> **Source records**
===============

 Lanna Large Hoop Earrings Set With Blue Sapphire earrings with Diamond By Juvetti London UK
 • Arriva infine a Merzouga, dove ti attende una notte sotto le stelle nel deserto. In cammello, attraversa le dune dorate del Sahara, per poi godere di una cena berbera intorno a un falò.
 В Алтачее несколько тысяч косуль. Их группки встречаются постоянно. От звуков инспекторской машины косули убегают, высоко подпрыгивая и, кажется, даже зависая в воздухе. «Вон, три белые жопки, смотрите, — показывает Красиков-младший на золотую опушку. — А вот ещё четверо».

===============

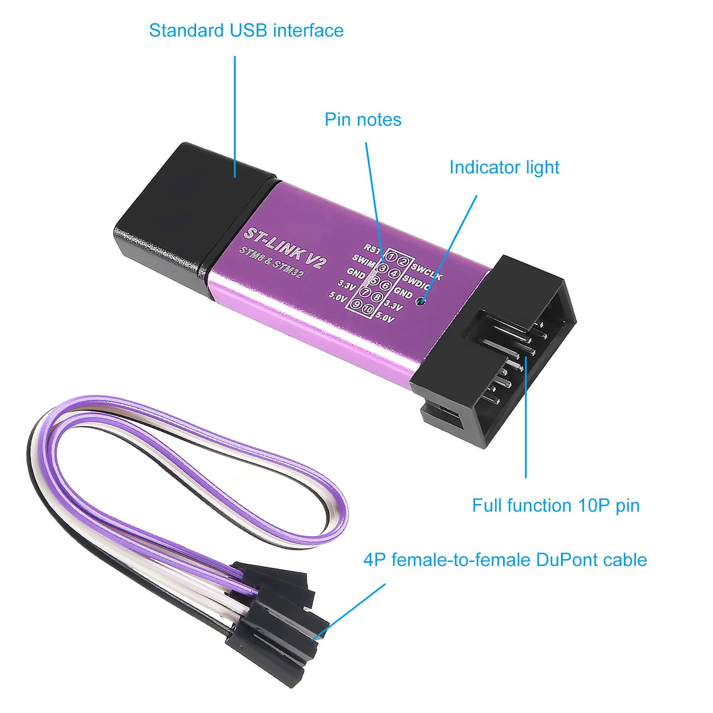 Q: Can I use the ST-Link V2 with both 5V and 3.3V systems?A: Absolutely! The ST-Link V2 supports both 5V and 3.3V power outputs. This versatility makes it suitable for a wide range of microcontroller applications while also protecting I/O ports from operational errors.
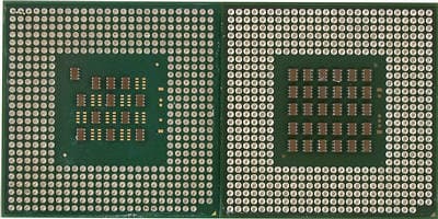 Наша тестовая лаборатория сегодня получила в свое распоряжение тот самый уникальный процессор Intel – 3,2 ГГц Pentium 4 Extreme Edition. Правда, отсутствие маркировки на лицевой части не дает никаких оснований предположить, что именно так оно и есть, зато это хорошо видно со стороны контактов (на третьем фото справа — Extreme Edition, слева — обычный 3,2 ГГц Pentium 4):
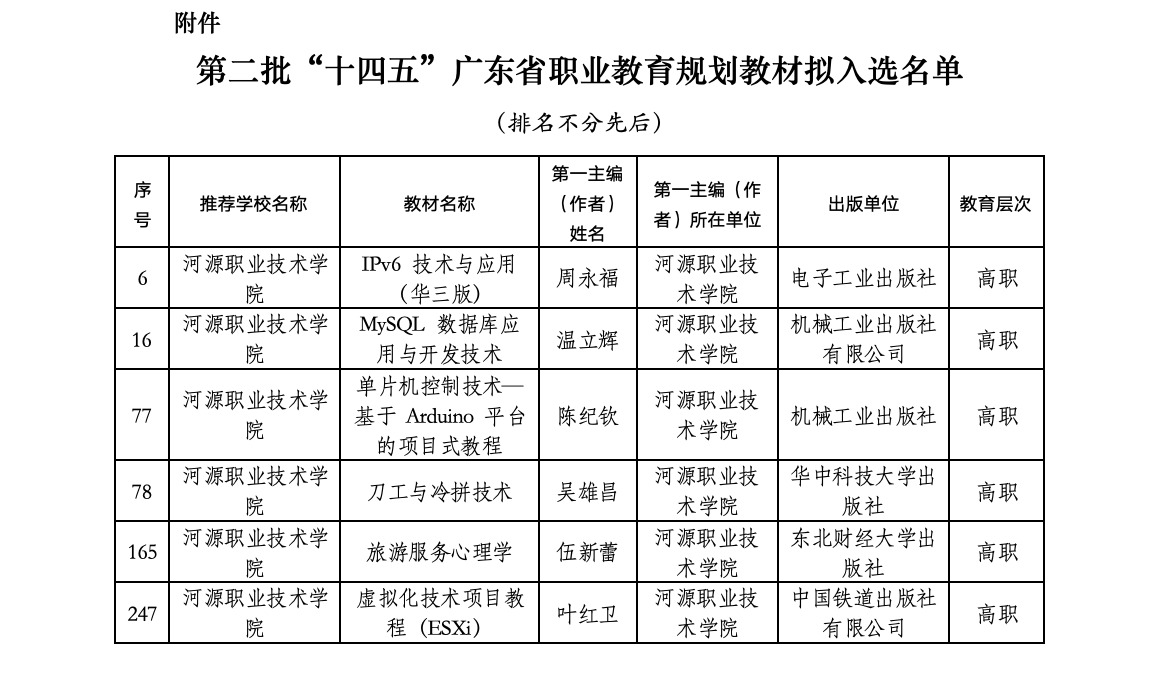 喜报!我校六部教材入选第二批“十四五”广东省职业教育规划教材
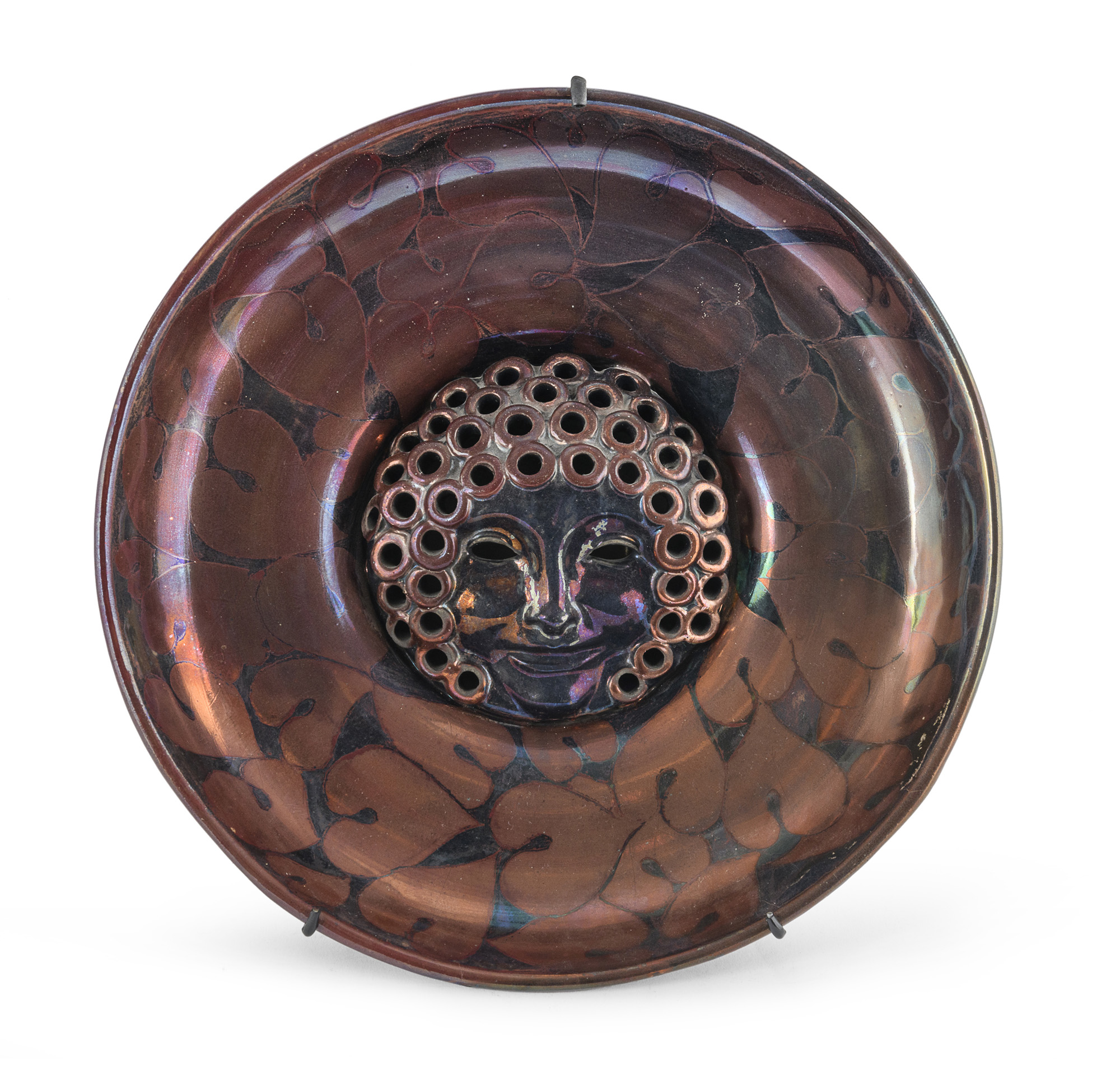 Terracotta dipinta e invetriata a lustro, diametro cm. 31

===============

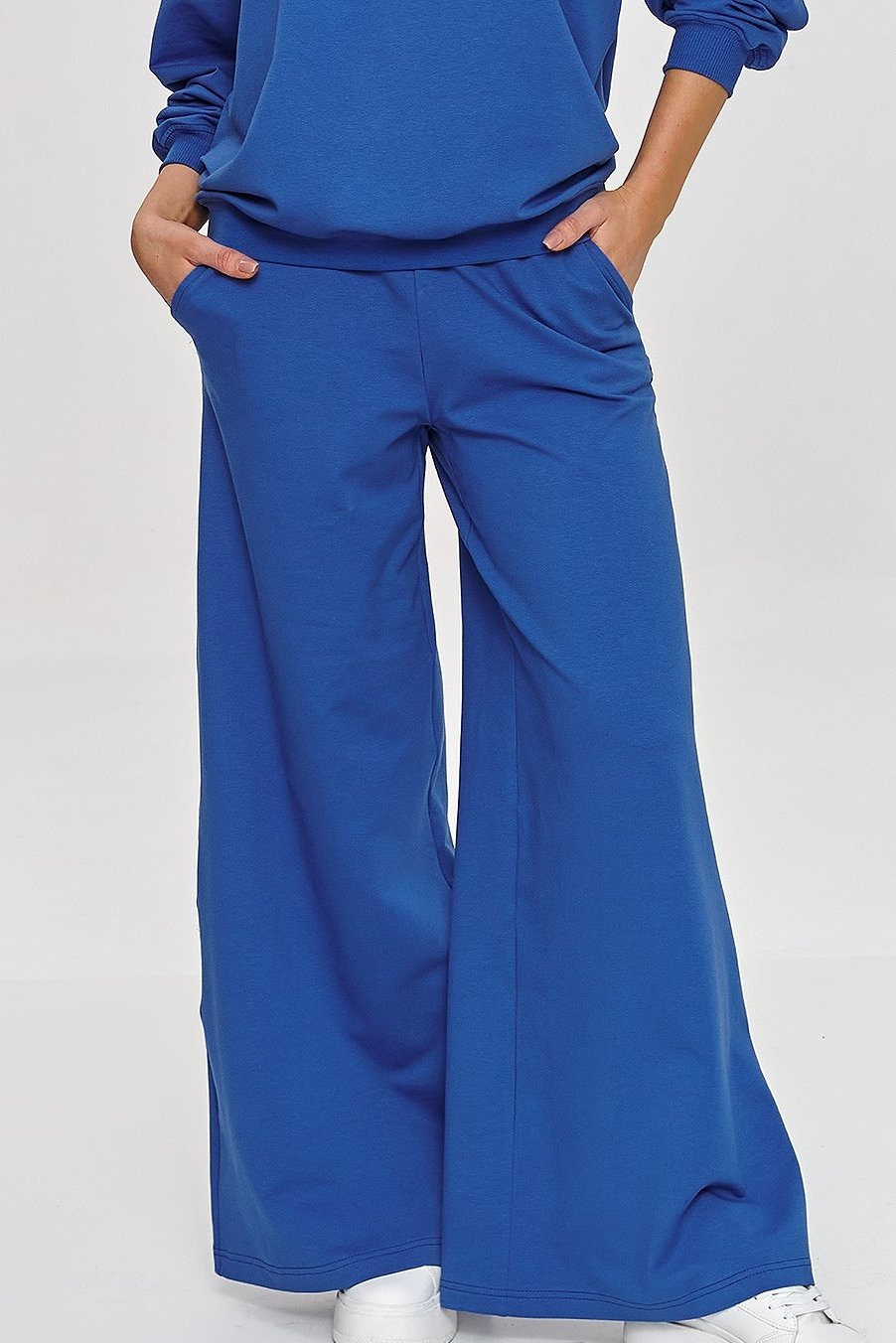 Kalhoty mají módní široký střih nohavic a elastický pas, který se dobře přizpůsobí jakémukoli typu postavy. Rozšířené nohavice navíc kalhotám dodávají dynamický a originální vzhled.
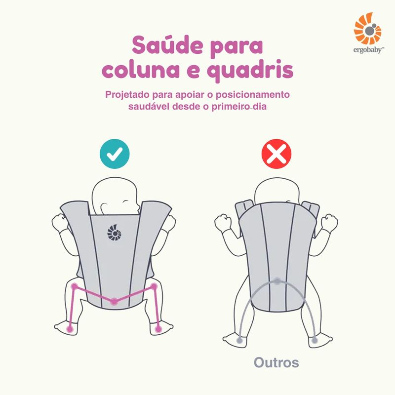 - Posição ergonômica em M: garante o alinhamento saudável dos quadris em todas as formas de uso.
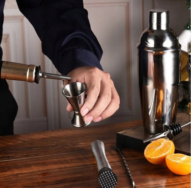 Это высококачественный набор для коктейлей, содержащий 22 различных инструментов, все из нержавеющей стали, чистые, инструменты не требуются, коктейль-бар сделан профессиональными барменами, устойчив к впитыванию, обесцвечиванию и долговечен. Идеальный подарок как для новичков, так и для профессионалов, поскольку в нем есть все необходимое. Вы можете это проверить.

===============

> **Problem to work on**
Print exactly the lines of the listing above starting at the line containing "Lanna Large Hoop" and ending at the line containing "intorno a un falò.", both included.

> **Worked solution**
 Lanna Large Hoop Earrings Set With Blue Sapphire earrings with Diamond By Juvetti London UK
 • Arriva infine a Merzouga, dove ti attende una notte sotto le stelle nel deserto. In cammello, attraversa le dune dorate del Sahara, per poi godere di una cena berbera intorno a un falò.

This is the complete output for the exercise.